Prince Radu was bored. Bored Transylvanians are bad news; bored Transylvanians to whom some well-meaning idiot has given a pad of paper and a pencil are a menace. He was in the middle of writing a sestina about gloom and despair, with some elegantly Byronic hints of romance. Elle and Jay had left him alone in the employee lounge while they discussed the case with Zed, and His Highness had promised them a personal recitation of his best works on their return. They seemed to be taking an unconscionably long time in Zed's office. Ah, well. He wondered what rhymed with "fulgurous." Batrachian and squamous were hard enough. Hey, "squamous" and "fulgurous" were close enough to match.
Earth girls were easy, he reflected, scribbling in elegant Gothic black-letter script, having to go over and colour in the letters with his ballpoint pen. Most of them, anyway. Agent Sea had put on a damn good act. Of course, the attack at the hotel had to have been the work of a bunch of loonies—no one would really want to kill him, obviously, he was much too attractive. It was sweet of the terrans to be so concerned, but there really wasn't the need. He wished they'd just get finished with their paperwork, or whatever, and let him go back to the hotel; they were holding the Costume Ball that night.
He chewed meditatively on the end of the pen, reducing it to punctured and mangled plastic. There had been something very familiar about the individual who'd shot at him. He couldn't quite place it; he'd been so startled by the whole incident that his memory, which was normally photographic, wasn't very clear. He yawned, showing off dentition that would shame most sharks, gave up trying to remember and applied himself once more to his poem, which was shaping up nicely. He'd sketched in a working title at the head of the page, with little curlicues and drawings of coffins around it: Twilight of the Heart.

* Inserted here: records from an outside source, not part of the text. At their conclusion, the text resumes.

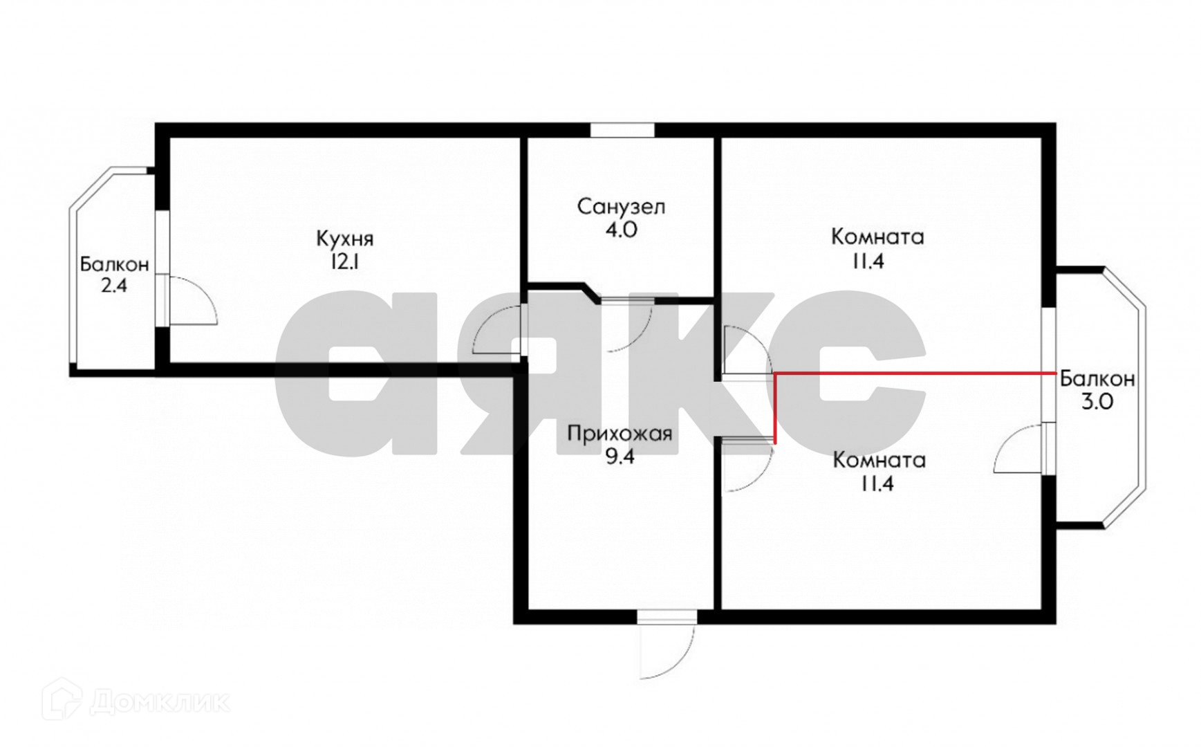 Балкон, лоджия 1 балкон
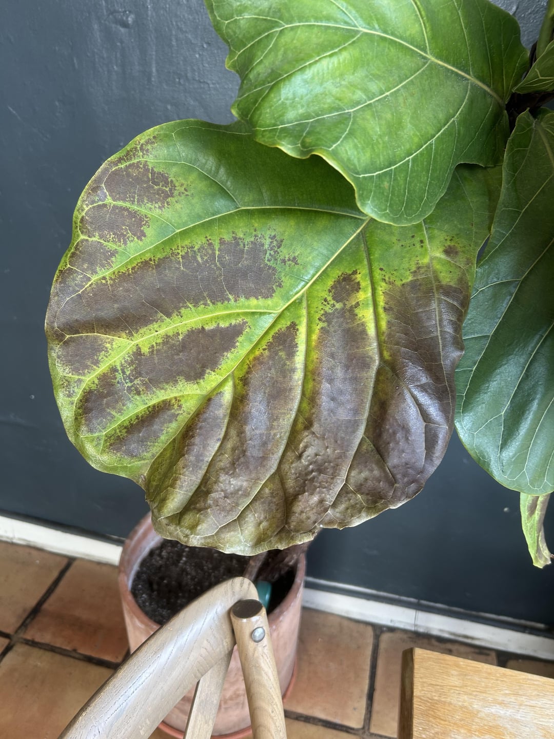 This FLF has been chilling in this spot for like a year. Looks like sunburn but I have a hard time believing that. Had one week of inconsistent watering, so it may be underwatered. Thoughts and advice? by vegancheeseboard ficus lyratafiddle leaf fig Write A CommentYou must be logged in to post a comment.
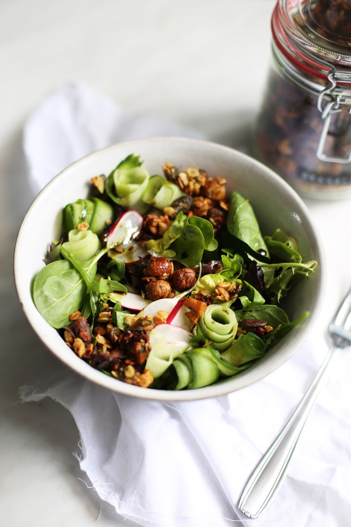 Abends essen wir relativ häufig Salat. Er geht schnell, ist nicht zu schwer und schmeckt uns beiden gut. Damit das nicht zu langweilig wird, mache ich immer gerne verschiedene Toppings dazu. Zur Zeit haben wir immer dieses Senf-Granola oben auf unseren Salat gegeben. Es macht das Ganze noch etwas deftiger, gibt einen gewissen Biss dazu und schmeckt einfach super lecker. Dieses Granola kann man von den Nüssen her variieren wie man mag, wichtig ist hierbei, die Nüsse (Haselnüsse) etwas aufzubrechen, sonst werden sie im Ofen zu kleinen tickenden Zeitbomben. Ich bin generell ein großer Fan von Senf, bin mir aber sicher, dass das Ganze auch super mit Meerrettich schmecken könnte. Probiert es doch einfach einmal aus :)
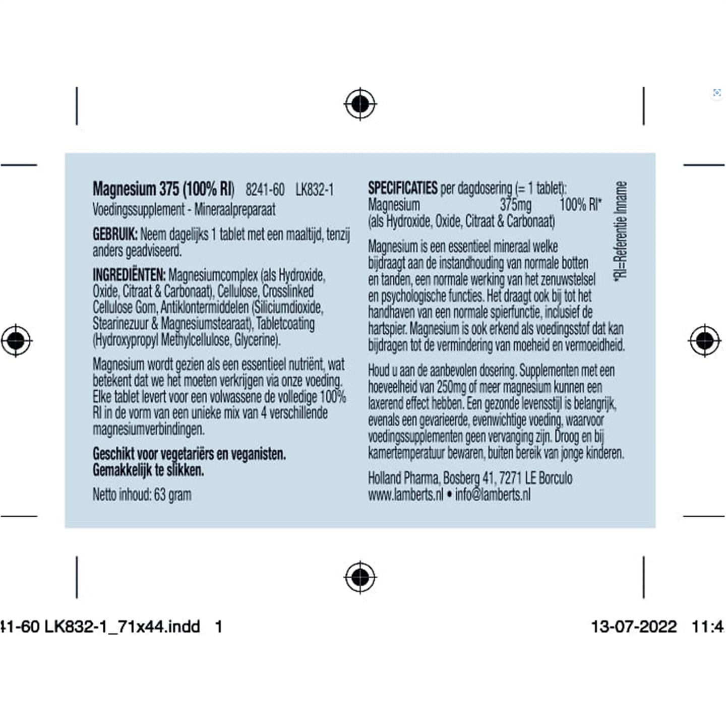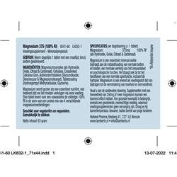 Magnesiumcomplex (carbonaat, citraat, hydroxide, oxide), Cellulose, Crosslinked cellulose gom, Antiklontermiddelen (Siliciumdioxide, Stearinezuur, Magnesiumstearaat), Tabletcoating (Hydroxypropylmethylcellulose, Glycerine).
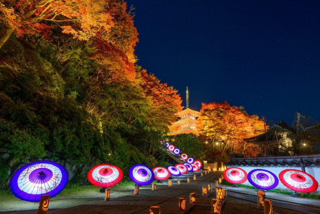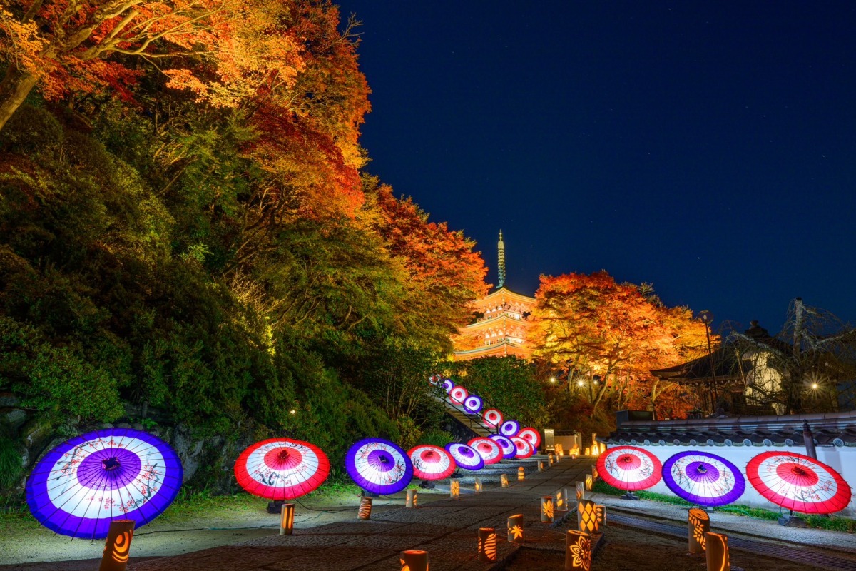 長谷寺、壷阪寺、岡寺と連携して2025年12月7日(日)まで「大和観音もみじ回廊」を開催中。ライトアップ夜間拝観も行われる。

Elle, Jay, Zed and several other agents stood around Zed's white formica desk and argued. There had been no sign of any other intruders by the time they had arrived on the scene; all they saw were the two corpses of the shooters who had tried to retire Sea and assassinate His Highness. Not particularly enlightening, since both of them were blasted into anonymity—both definitely physiologically human, though, according to the spectral tracer.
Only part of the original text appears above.